De entre todas las circunstancias que ilustran
la corrupción pública y democrática resalto las siguientes: la persecución, el asedio, la amenaza, la
intimidación, la provocación, la criminalización, la agresión… hasta el exterminio, de
las personas y fuerzas sociales y políticas que no coinciden con el programa de
actuación y con los presupuestos ideológicos considerados como «políticamente
correctos», o sea, como manda el Dogma, la Fe y el Partido, la santa alianza de
la ortodoxia y el sectarismo.
Se trata de una
estrategia inconfundiblemente totalitaria, nacida del fanatismo, el odio y el
resentimiento condensados en el hecho simple, frío como el acero, de negar el
derecho a la existencia a quienes previamente han sido demonizados, puestos en
la picota y en el punto de mira. […]
A partir del momento en que fue desencadenada la
cacería contra el Gobierno y el PP desde todos los frentes de la Oposición, y
especialmente desde los grupos más extremistas —a quienes
irresponsablemente se ha dado vía libre, carta blanca e impunidad para actuar
sin control ni límites, sirviéndose de ellos como avanzadilla, guardia de
corps, cuerpos de asalto… del batallón general— el ojeo y la batida han unido sus fuerzas en una ofensiva ni siquiera
disimulada, sino que exhibida con ostentosa obscenidad […]

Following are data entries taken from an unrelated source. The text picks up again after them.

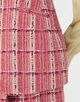 深く熟したチェリーレッドと情熱的なルビーレッドのベースにに温かみのあるベージュやオレンジの糸を織り込み、さらに透明なラメや細いリボンが繊細な輝きを加えています。
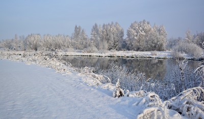 , Да, посчастливилось оказаться в этом месте первым! Ночной снегопад так напугал животный мир, что даже и их следов поблизости не было видно. Только птицы порхали среди заснеженных веток со спелыми ягодами облепихи.
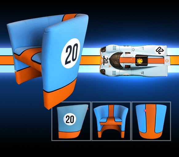 Fauteuil cabriolet Racing Inside n°20 en cuir Couleur: bleu Racing team / orange Structure en panneaux de particules - Revêtement 100% cuir Dimensions: Longueur 70 cm x Hauteur 80 cm x Profondeur 75 cm Fabriqué à la main dans l'Union Européenne 599,95 € TTC / Incl. Taxes
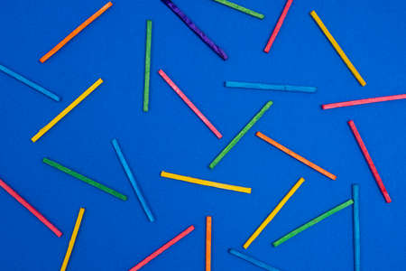 some multicolored sticks on a blue surface
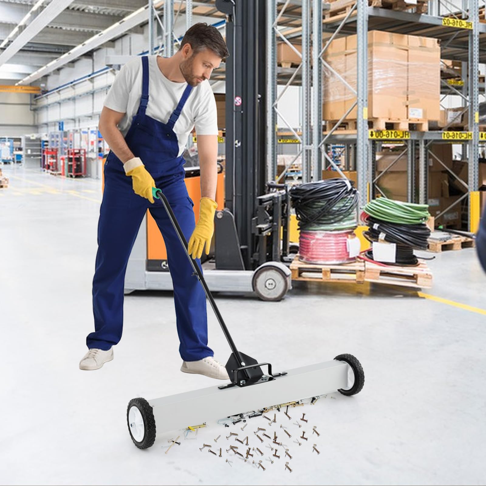 - 【Powerful Magnetic Sweeper】The magnetic sweeper boasts a 36-inch wide working surface that is capable of handling up to 50 lbs of ferrous materials. It greatly saves time and efforts on heavy-duty clean-ups in workshops, construction sites, or garages.
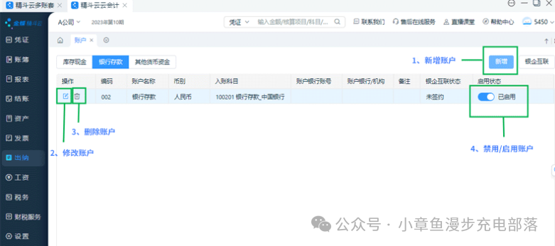 账户新增操作:操作步骤:系统管理——财务基础资料——单位账户管理,如下图所示: 录入账户基础信息,点击“新增”完成。账户编辑操作:选择对应的账户,修改对应内容,点击”编辑“按钮完成,如下图所示:
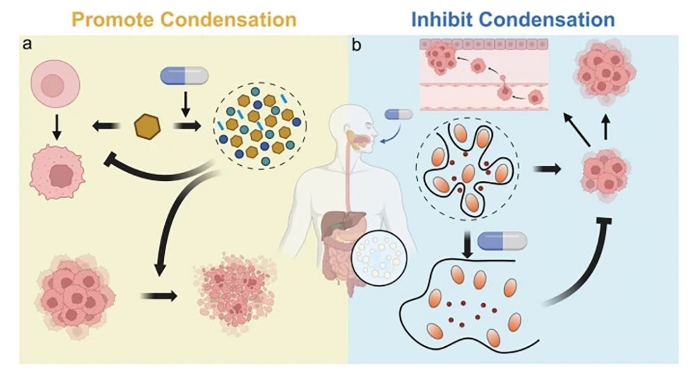 靶向“液滴”:癌症治疗的新曙光正是由于相分离在癌症中的重要作用及其内在的可塑性和对环境的高度敏感性,针对异常相分离凝聚体的治疗策略展现出巨大潜力。综述中总结了两大类策略:1促进相分离利用小分子促使特定蛋白被“困”在凝聚体中无法发挥致癌功能,或诱导其形成固态聚集从而失活。2抑制相分离开发小分子抑制剂破坏致癌转录凝聚体的形成或破坏应激颗粒进而逆转肿瘤的耐药性。此外,PROTAC技术、纳米材料等新兴手段也正被用于精准调控肿瘤相关的相分离过程。
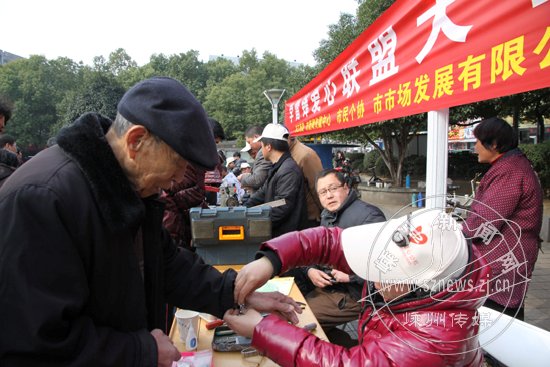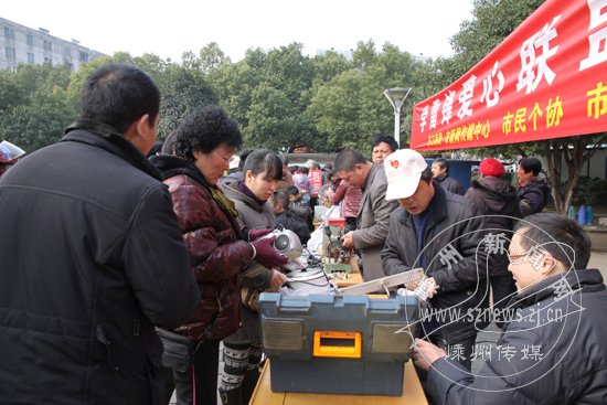 市新闻传媒中心携手市个体劳动者协会今日上午在中心广场、阳光山庄(市级敬老院)开展了“学雷锋爱心联盟大行动”。活动现场,为群众及老年人提供测血压、理发、修理家电、钟表、鞋类、手机等10多个项目,各服务摊位前人头攒动,居民群众络绎不绝。
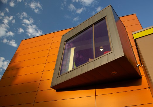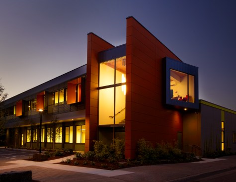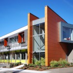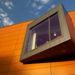 The exterior of the building’s newly constructed stairwell is composed of high pressure laminate panels. The panels continue from the exterior to the interior lobby space and soften the transition from outside to inside. In addition, they define the new building from the existing. The new metal solar shade on the south façade helps minimize solar heat gain during office hours, while the articulated window boxes mimic camera hoods used in video production and provide views and access to daylight.
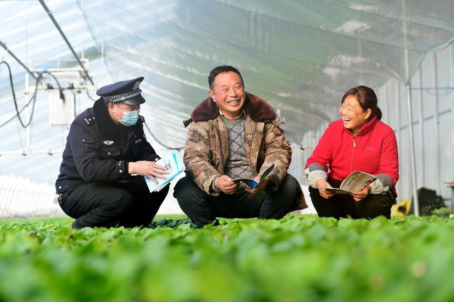 1月29日,安徽省阜南縣公安局會龍鎮(zhèn)派出所民警在轄區(qū)豐振生態(tài)農(nóng)業(yè)科技園溫室大棚里,向種植戶宣講防范網(wǎng)絡電信詐騙知識。
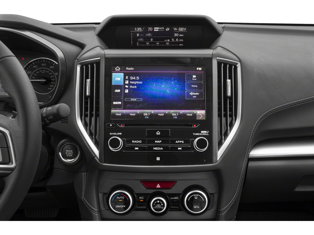 - Radio: Subaru STARLINK 8.0" Multimedia Plus System -inc: AM/FM stereo, HD radio, single disc CD player, MP3/WMA/CRR/RW file capability, multi touch gesture high resolution 8.0 LCD display screen, voice activated controls, Bluetooth® audio streaming connectivity, Bluetooth® hands-free phone connectivity, Bluettoth hands-free sms text messaging connectivity (applicable w/compatible cell phone), Near Field Communication (NFC), iPod control capability, rear-vision camera display, SiriusXM All Access radio (subscription required), SiriusXM Travel Link (subscription required), smartphone integration, AHA, Android Auto, CarPlay, Pandora, 6 speakers, 3.5mm auxiliary input jack, dual USB ports, roof mounted antenna and audio/satellite connected services
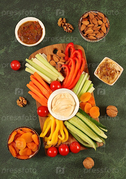 Здоровая еда кухня фон с миской хумуса и сырыми овощными палочками, орехами и курагой. Хумус тарелка с закусками, ближневосточная тарелка, традиционные веганские закуски, восточная кухня
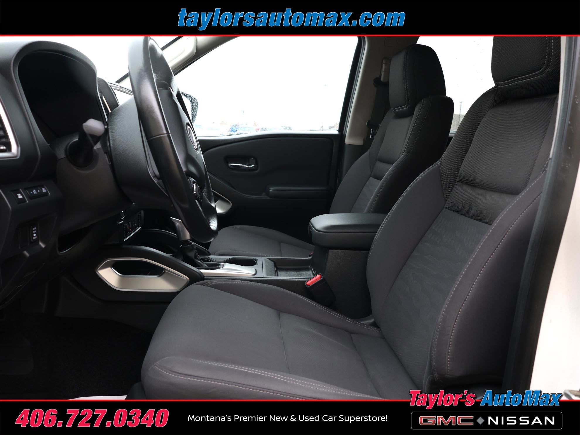 Frontier SV, 4D Crew Cab, 3.8L DI DOHC 24V V6, 9-Speed Automatic, 4WD, Glacier White, 4-Wheel Disc Brakes, 6 Speakers, Air Conditioning, Alloy wheels, AM/FM radio: SiriusXM, Driver door bin, Front Bucket Seats, Power driver seat, Power steering, Power windows, Radio data system, Remote Engine Start, Remote keyless entry, Speed control, Steering wheel mounted audio controls, Tachometer, Tilt steering wheel, Traction control, Trip computer. 2022 Nissan Frontier SV Glacier White 4WD 9-Speed Automatic 3.8L DI DOHC 24V V6
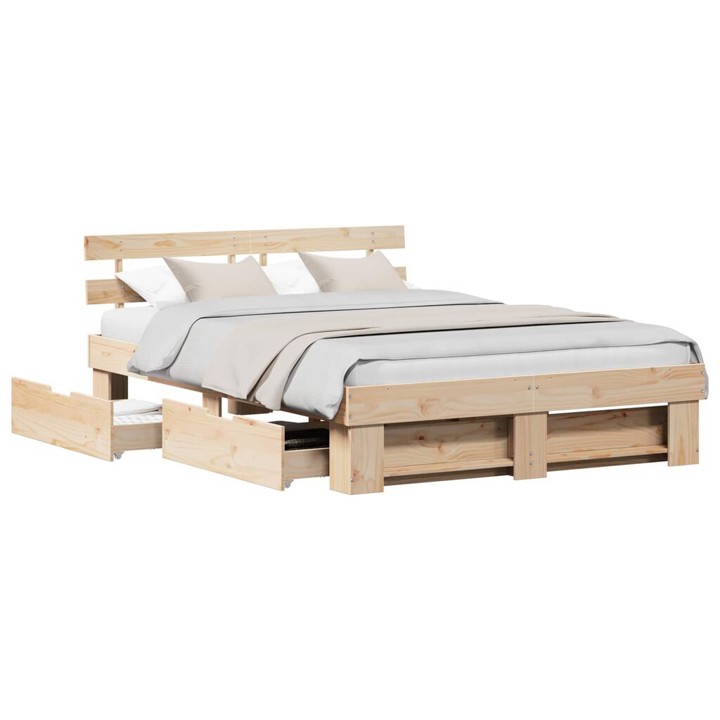 vidaXL Sengestamme med hodegjerde Brun 160 x 200 cm Massiv furu
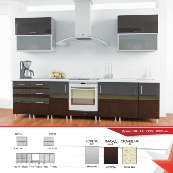 Кухня FLASHNIKA HIGH GLOSS 4 (3000мм x 600мм x 2100мм)
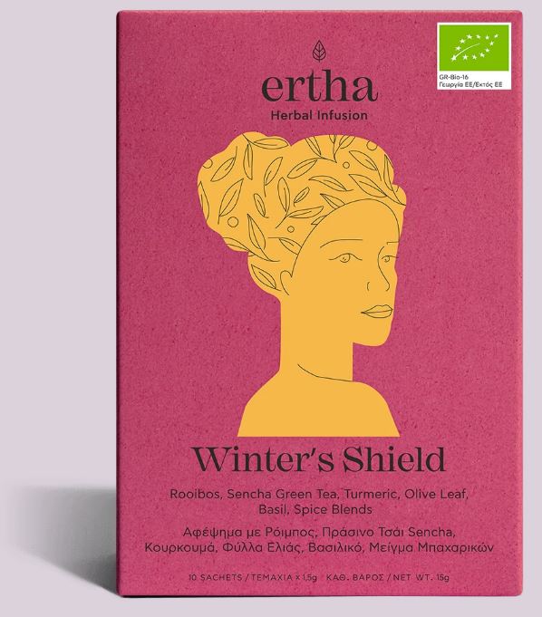 Ειδικά για τις κρύες ημέρες του χειμώνα, η ERTHA προτείνει το Winter Shield, ένα βοτανικό μείγμα με αντιοξειδωτικές και αντιφλεγμονώδεις ιδιότητες που ενισχύει το ανοσοποιητικό σύστημα. Περιέχει: ρόιμπος, πράσινο τσάι Sencha, κουρκουμά, φύλλα ελιάς, ιερό βασιλικό και μείγμα μπαχαρικών. Μάθετε περισσότερα στο: www.ertha.gr.
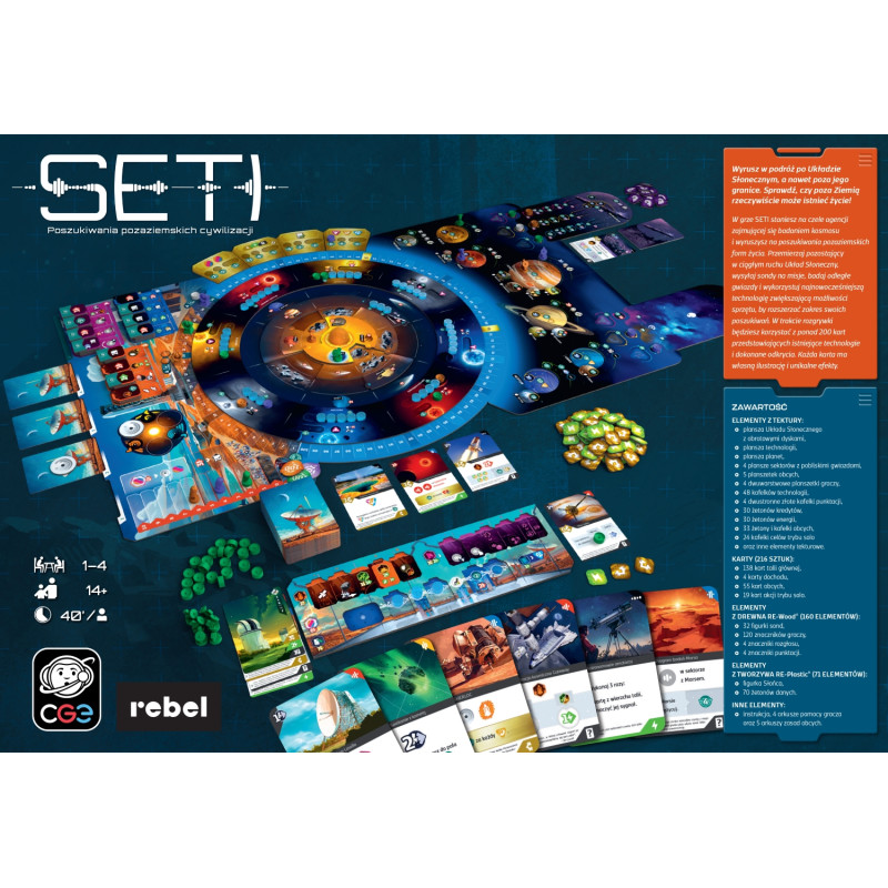 Wciel się w jednego z liderów eksploracji kosmosu i korzystaj z najnowocześniejszych technologii, by odwiedzać inne planety, badać odległe gwiazdy i rozwijać swoje możliwości! SETI: Poszukiwania pozaziemskich cywilizacji to złożona gra ekspercka, w której czeka na Ciebie ponad 200 unikalnych kart technologii opartych na rzeczywistej wiedzy naukowej oraz mnóstwo elementów, dzięki którym w każdej rozgrywce odkryjesz nowe możliwości i drogi do zwycięstwa.
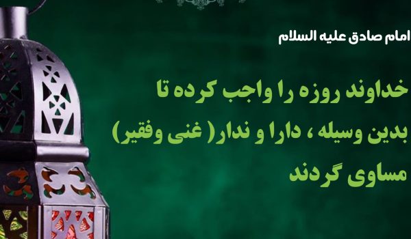 امام صادق علیه السلام: خداوند روزه را واجب کرد تا بدین وسیله دارا و ندار (غنی و فقیر) مساوی گردند
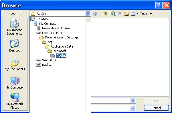 Instead of finding the default folder and copying the file there, you may instead tell Excel that there is an Add-In somewhere else on the harddisk (or even on a network disk). Click on the “Browse” button, select the folder where the file is located and select it. Click “OK” and the file will be immediately added to the list.
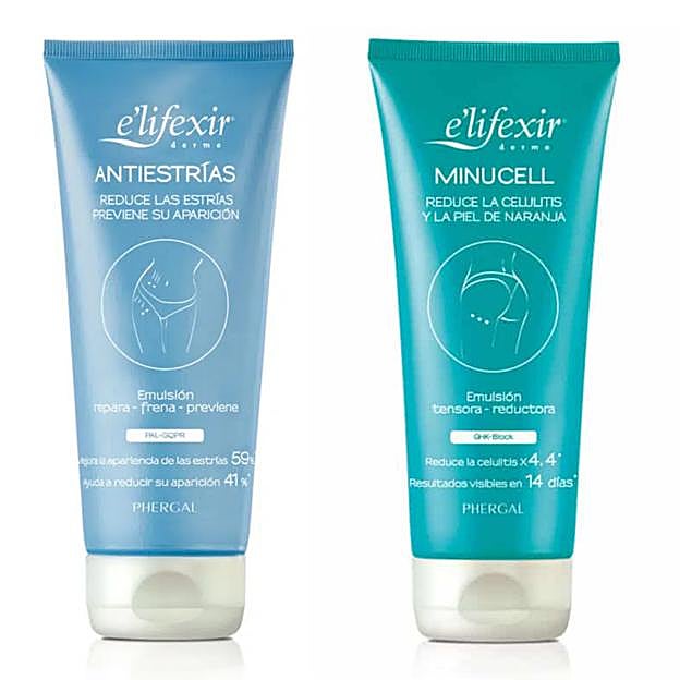 E'lifexir Antiestrias está formulado con Green Bean Extract que frena la aparición de las estrías reforzando la flexibilidad de la piel y Lipopéptido PAL-GQPR, que reconstruye el tejido dañado y reduce la profundidad de las estrías. Además, contiene Manteca de Karité y Manteca de Cacao que hidratan y reparan la piel. Por otro lado, la crema reafirmante Minucell contiene cafeína, creatina y el tripéptido GHK, que actúa a 3 niveles reafirmando, reduciendo y definiendo tu figura (13,70 y 11,64 euros respectivamente).
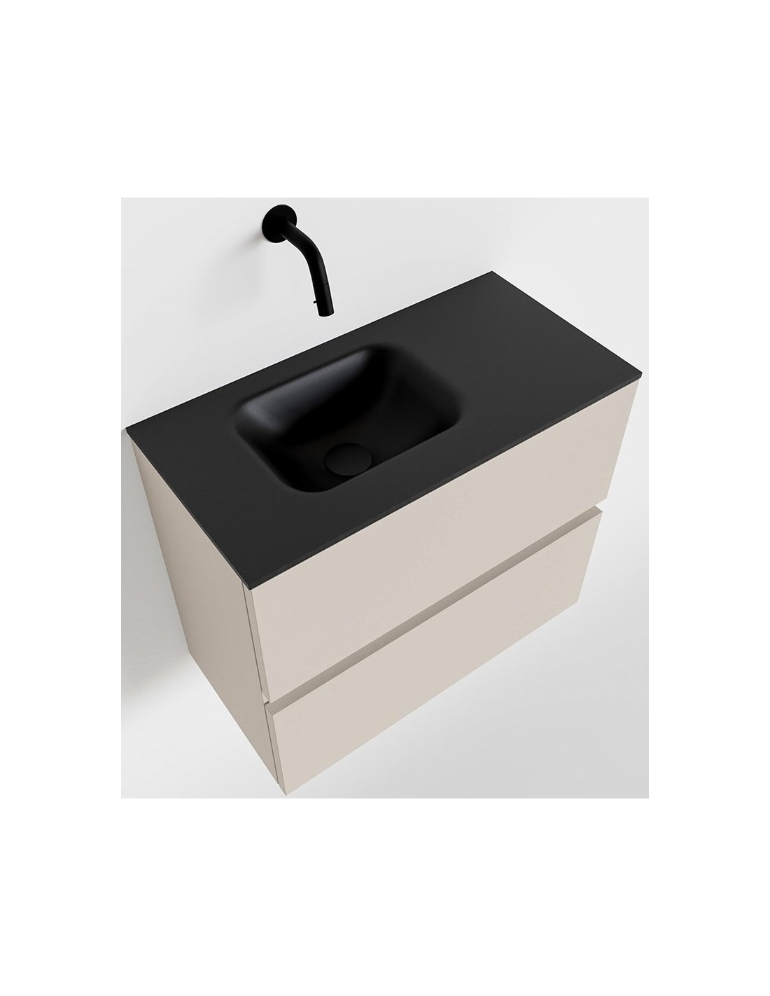 ADA Komplet badmiljø med venstrevendt håndvask til vægmonteret armatur. Badmiljøet kommer med 2 skuffer med fuldt udtræk, og er fremstillet i MDF. Håndvasken er fremstillet i sort solid surface. Badmiljøet måler 60 x 50 cm i bredde og højde. Det viste armatur medfølger ikke i sættet.

Son [los «indignados» y sus variantes] tan
arrogantes, se sienten tan impunes, que no tienen nada que ocultar. Lo suyo es
la acción directa, la política desnuda y bronca, la «oposición tranquila»… […] Allí donde van [los «enemigos políticos»],
un cortejo de sujetos con pancartas, hombres-anuncio, a voz en cuello, el
insulto en la boca, el puño en alto, el dedo acusador, les siguen como una
plaga, como una peste. Todo muy espontáneo y cívico: la sincera y franca
participación ciudadana, la libertad de expresión, dicen algunos. […]
Existe una
tentación (totalitaria, añade Jean-François Revel) muy humana, pero execrable, que consiste en dejarse seducir por el
empleo del miedo, y aun del terror, con el fin de imponerse a los oponentes
políticos. La sugestión de ver al adversario convertido en enemigo y al correligionario en amigo,
la fascinación de acosar al contrincante hasta la extenuación o el exterminio,
el verlo desesperado, acorralado y a punto de cocción son reclamos demasiado
atractivos para que algunos los dejen pasar, cuando la ocasión se presenta.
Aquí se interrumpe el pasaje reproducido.